# Storage cart (pics)



## tj-lee (Jan 2, 2008)

Just finished a cart to haul my few cars and engines out to the layout.










My wife is an elementry school teacher and her school was tossing out these rickety carts that they had (original design guaranteed they fell apart at some point). I saved a few from the dumpster and with the help of some all thread rod corrected the disintegration factor. Some 3/8ths plywood cut to size made the shelves and I managed to cut 3 sets of grooves in each for the wheels to sit in. Cutting the plywood grooves on my cheapie table saw was a learning experience but someone more knowledgable than myself showed me the trick with painters tape to keep the cuts from looking like I did them with a chain saw. 

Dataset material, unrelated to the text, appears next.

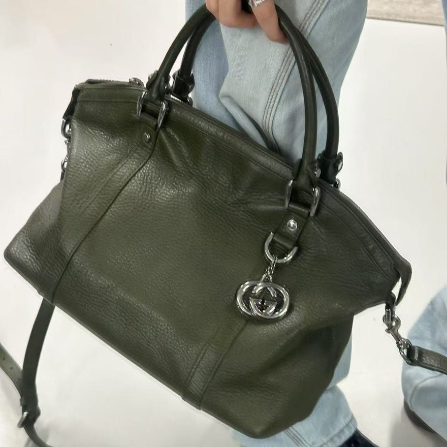 This preloved Gucci olive green leather shoulder bag is a stylish accessory for any occasion. The structured yet supple silhouette is designed with high-quality leather, adorned with the classic silver GG logo charm. It features a comfortable shoulder strap and an optional crossbody strap, offering versatility in wear. While there are minor signs of wear, this bag is in very good condition and is a standout piece among vintage Gucci bags. Perfect for those who appreciate luxury and elegance, it is a prime example of used designer handbags.

Some thin masonite for sides and many coats of paint later it came out okay. I need to replace the cheap plastic wheels with something that rolls better but so far I've not had any luck finding 3/8ths treaded post (fine thread) wheels at the local Osh and big box stores.

Best,
TJ


----------



## Semper Vaporo (Jan 2, 2008)

Very nice! 

I'd recommend much larger wheels... MUCH larger... the bigger they are the easier they are to roll over minor bumps and that means less wracking stress on the cart as it is being pushed.


----------



## nkelsey (Jan 4, 2008)

think off-road cart wheels!


----------



## tj-lee (Jan 2, 2008)

C.T., Nick, 

Yes, big wheels are what I'm looking for. I'd put tires on it if I could find some that would work. I found 3/8ths thread post wheels at OSH but only course thread which won't work. 

Best, 
TJ


----------



## Stan Cedarleaf (Jan 2, 2008)

TJ..... One thing I see about your new train cart. It's much too clean and neat. How can you expect trains to run properly when they're so pampered?!?!?!?!

Nice job...... And yes, bigger wheels will be most important.


----------



## tj-lee (Jan 2, 2008)

Stan, 

Thanks! The cart in the pic is freshly painted and newly populated with the few cars and such I have. Don't expect it to stay that way ! Has yet to make its first trip through the garage and out to the layout. Really need to find some new wheels first. I really appreciate your comment, thanks! 

Best, 
TJ


----------



## John J (Dec 29, 2007)

Have you looked On E bay? 

The cart looks great. Should work well


----------



## aceinspp (Jan 2, 2008)

Try Home Depot or lowels or even a Tractor Supply store. BTW nice looking carts even a little Christmas looking Later RJD


----------



## SteveC (Jan 2, 2008)

TJ

Have you considered using something like the following, I know it's not a direct replacement that you're looking for, but that way you could choose the bolt that fits the caster and get the larger wheel size you need.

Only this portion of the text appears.